90 days is a workable default for most subscription products. Go shorter (30 days) if your churn cycle is fast — like a monthly subscription with high volume. Go longer (180 days) if you're working with annual contracts where the decision-making window is extended.
Can Amplitude predict which users will churn before they show clear signals?
Not out of the box. Amplitude identifies behavioral patterns and lets you build rule-based at-risk cohorts, but true predictive churn scoring requires either a machine learning model trained on your data or Amplitude's Amplitude Predict feature, which is available as a paid add-on. Rule-based cohorts are still highly effective if your retention milestones are well-defined.
What if my churn event isn't tracked in Amplitude yet?
Start there. Work with your engineering or data team to instrument a `subscription_cancelled` or equivalent event before building any analysis. Running churn analysis without a clean churn event produces unreliable cohorts.

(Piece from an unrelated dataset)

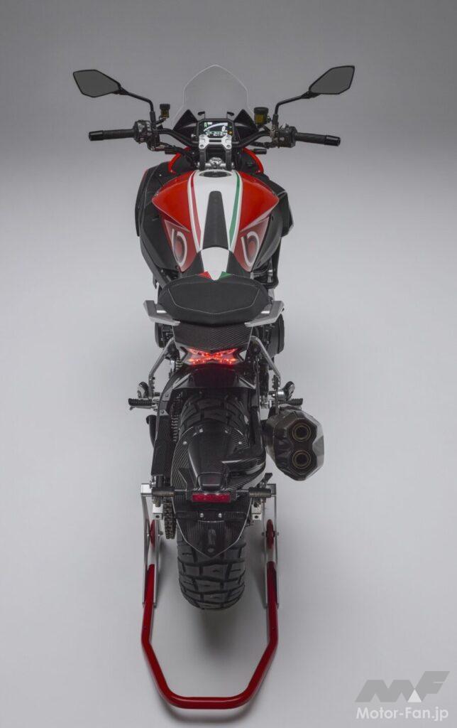 Tesi H2 TERAは、カワサキのスーパーチャージド直列4気筒エンジンを搭載するフラッグシップモデルである。ベースとなるNinja H2譲りのパワートレインは、最高出力200ps超を発生。独自のフロントスイングアーム構造を採用するTesiシリーズ特有のシャシー設計により、剛性とコーナリング性能を両立している。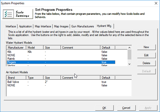 This control is where you setup all the hydrants that your resort uses and what Scolo uses for options when creating and modifying hydrant objects. When you click on either of the lists the buttons on the left will become enabled depending on what is selected. You can create a new hydrant type, edit an existing record or delete an unused type from the database. You can also select a default value which will become the selected type when creating new hydrant objects. You need be an Administrator, System Manager or System Configurator in order to modify any of the values here. |

If you're using Stripe or another billing tool, many have Amplitude integrations that can send subscription events directly.
How often should I update my at-risk cohort definition?
Review it monthly for the first quarter after launch, then quarterly once it stabilizes. Each time you run an intervention and measure the results, you'll likely find that one or two cohort conditions should be tightened or broadened. Treat the cohort definition as a living document, not a one-time configuration.